FWIW, I think calling this a “discord frontier” is a bit misleading. Up until now, we have had an informal discord frontier where people share their lists of holdouts, growing steadily smaller. But this lists were extremely unproven, maybe someone posts a list of 1k holdouts from their method, then someone else takes that list and widdles it down to 100 with their method, etc. But can you trust these numbers, I wouldn’t too much, they are based on a lot of steps in which any one might have a mistake. In contrast, the “second number” here would represent a count that had been proven (to some extent) through written proof and validation certificate, verified by multiple independent verifiers. To me, if we were to include 2 numbers it would basically be: (1) TM Holdouts for which we want a better proof and (2) TM Holdouts for which we have no proof.

FWIW, I think it’s wrong to draw this conclusion from the paucity of bad/adversarial examples. A FAR verifier is a simple program with a default-deny design. Deciders start at a catastrophic disadvantage, and thank goodness negative-example testing can mitigate it!
That said, I’m watching the formally-verified effort (singular for now) with great interest. The more assurance the better.

Ok, I think you make strong points (related to @savask points on discord).

I am then leaning towards the option of validating FAR proofs that are easy to find, which currently would set the number of undecided machines to around 32k.

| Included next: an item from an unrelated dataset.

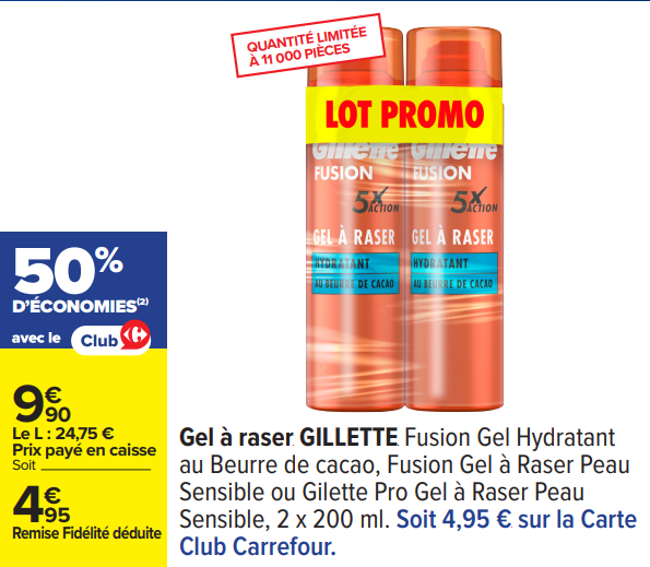 - Gel à raser Gillette Fusion (lot 2×200 ml) — 9,90 € → 4,95 € (−50%)

I am not really keen on displaying another counter on the website as I feel it clutters the story. Methods for deciding machines either pass our “quality standards” or they don’t, having something in the middle seems odd to me, especially when we would only have to wait for a few more months to see the 32k counter go down again.

I should add something important:

To me the main point is that we do not currently have 100% certainty in the validity of the FAR verifiers, mainly by lack of testing for false positive. In a world where we had that certainty, I would be 100% for advertising the ~100 holdouts number officially on the main page as to me, this number represents, to date, what is the number of undecided machines that we are sure of.

That number does not reflect how the story will be presented in the final paper, and that is a separate discussion to me (I agree that it is not 100% satisfying just to dump all the verified proofs on the reader, even if have absolute confidence in the verifiers).

In the end we went with the conservative option, see [April 9th 2023] 503,169 new machines have been decided! Only 32,632 left to go!

Thank you all for participating to this debate!